#### Dataset excerpt
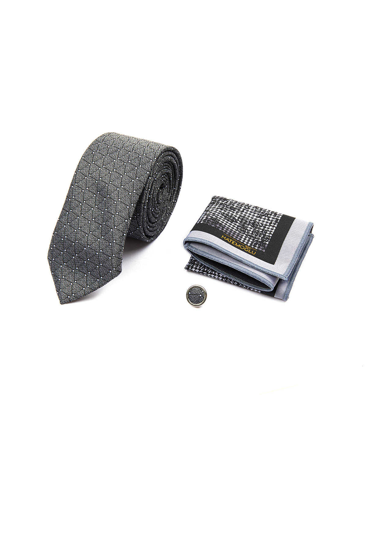 Gri Üçlü Yaka Rozeti Kravat Mendil Set
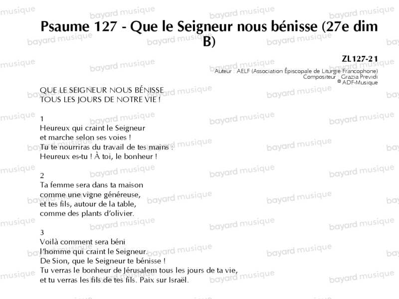 Psaume 127 - Que le Seigneur nous bénisse tous les jours de notre vie ! (27e dimanche du temps ordinaire, année B)
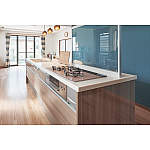 家事がはかどる、アイランドキッチンの回遊動線。食事はカウンターで。ダイニングテーブルをなくし、キッチンもリビングも広く使えるように。
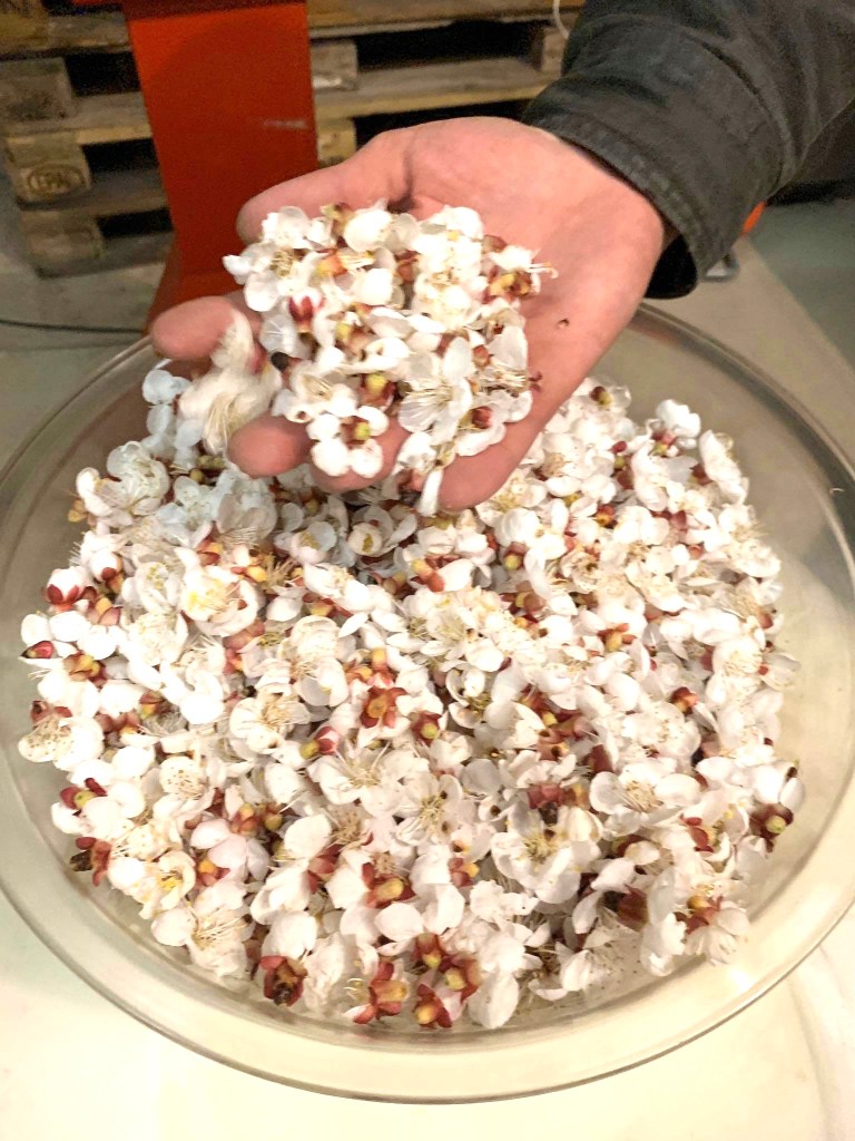 Veronique Mermoud distille beaucoup de fruits mais aujourd’hui nous resterons sur l’abricot. L’abricot est le prince du verger valaisan suisse. Fruit emblématique en particulier la qualité Luizet sélectionnée par Abricool, il possède une belle coloration rouge orangée, une peau velouté, un goût sucré et acidulé.

#### Exercise description
In the copy, keep every line of the data above exactly and drop each picture.

#### Reply
 Gri Üçlü Yaka Rozeti Kravat Mendil Set
 Psaume 127 - Que le Seigneur nous bénisse tous les jours de notre vie ! (27e dimanche du temps ordinaire, année B)
 家事がはかどる、アイランドキッチンの回遊動線。食事はカウンターで。ダイニングテーブルをなくし、キッチンもリビングも広く使えるように。
 Veronique Mermoud distille beaucoup de fruits mais aujourd’hui nous resterons sur l’abricot. L’abricot est le prince du verger valaisan suisse. Fruit emblématique en particulier la qualité Luizet sélectionnée par Abricool, il possède une belle coloration rouge orangée, une peau velouté, un goût sucré et acidulé.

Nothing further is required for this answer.